- Education: University of East Anglia (BSc, MA)
- Scientific career
- Workplaces: Rothamsted Research, Horniman Museum, Natural History Museum, London
- Doctoral advisor: Alfried Vogler, Terry Erwin

= Beulah Garner =

British entomologist

Beulah Garner FRES is an entomologist in the United Kingdom. She is Senior Curator at the Natural History Museum, London and is an expert of beetles, in particular the ground beetles (Carabidae).

== Education and career ==
Garner grew up in Norfolk and was educated at the University of East Anglia where she graduated with a BSc in ecology in 1998. She worked at Rothamsted Research as a Senior Scientific Officer, before studying an MA in Museology back at UEA, graduating in 2008. During her Masters she worked as Assistant Curator at Norfolk Museums Service and then moved to the Horniman Museum, in 2010 she moved to the Natural History Museum, London where she is Senior curator of Carabidae, Cleroidea, Myxophaga and Archostemata.

== Research ==
Garner researched crop protection and biodiversity in agroecosystems during her time at Rothamsted. Her work included the two-spotted spider mite, Tetranychus urticae, aphid controls on sugar beet crops and she also was part of a large project looking at invertebrate responses to genetically modified herbicide-tolerant crops.

As a museum curator she has collaborated on many publications relating to specimens in the NHM collection, including a guide on how to conserve insect specimens affected by verdigris, a problematic substance that develops on entomological pins underneath specimens; checkered beetles and a review of the taxonomic history of pelidnotine scarabs. In 2019 she was involved in work to help automate the identification of insects using imaging, testing a convolutional neural network to classify images of insect specimens.

She co-edited the Royal Entomological Society identification handbook Coleoptera Larvae with Max Barclay in 2019, it details the morphology of beetle larvae in the British Isles and includes dichotomous keys to help identify the taxonomic family or subfamily of a larval specimen.

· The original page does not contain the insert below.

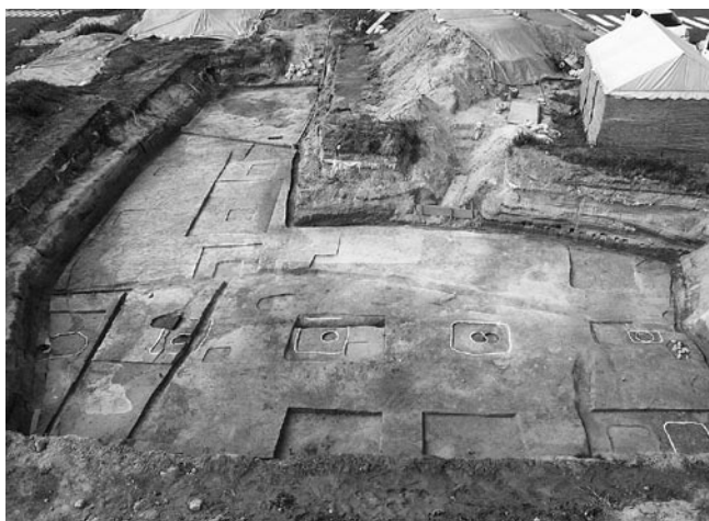
■発見された建物跡（白線内が建物の柱位置）

5月中旬から8月下旬にかけて試掘調査をおこなった鍛冶屋敷遺跡（信楽町黄瀬）で、役所跡と考えられる3棟の掘

Garner's thesis is on the 'Systematics and biogeography of Lebiinae: Carabidae: Coleoptera' at Imperial College London and the Natural History Museum, in the lab of Alfried Vogler and she was also co-supervised by the late Terry Erwin. She has worked on a taxonomic revision of the Carabid beetle genus Plochionus, which are beetles that hunt tent-caterpillars, she has also been involved in re-finding the type specimens of Carabus pallens, and has helped to develop rapid biodiversity assessments of tropical rainforest canopy fogging samples, using imaging to identify morphospecies before molecular sequencing, resulting in a larger diversity of species in the Agra genus of Carabid beetles than previously recorded.

== Public activities ==
Garner is an advocate for the need for more women in entomology and support for them, particularly in countries with limited funding for science; in 2009 she was interviewed as part of a project about women in science by teacher and writer Alom Shaha. In 2014 she gave a talk for Ada Lovelace Day highlighting the victorian entomologist Evelyn Cheesman. She expanded on Cheesman's career in interviews for the NHM website and the Daily Telegraph; in 2015 she presented BBC Radio 4 programme on Cheesman, as part of the Natural History Heroes series. In 2019 she co-wrote a paper about Cheesman's career and contributions to science

In 2015 Garner talked with David Baddiel on BBC Radio 4's Today programme about the type of insect that Gregor Samsa transforms into in Franz Kafka's 1915 novella Metamorphosis. Later in 2015 she was interviewed on the Breaking Bio podcast, where she talked about the NHM beetle collections, and challenges that women face doing fieldwork.

In 2021 she gave an online talk about Beetles as part of the NHM's Nature Live series.

== Honours and awards ==
Garner is a Trustee of the Panama Wildlife Conservation Charity, Council member of the Systematics Association, Fellow of the Royal Entomological Society, Chairperson of ColSoc: The Coleopterists Society of Britain and Ireland and President of the Amateur Entomologists' Society.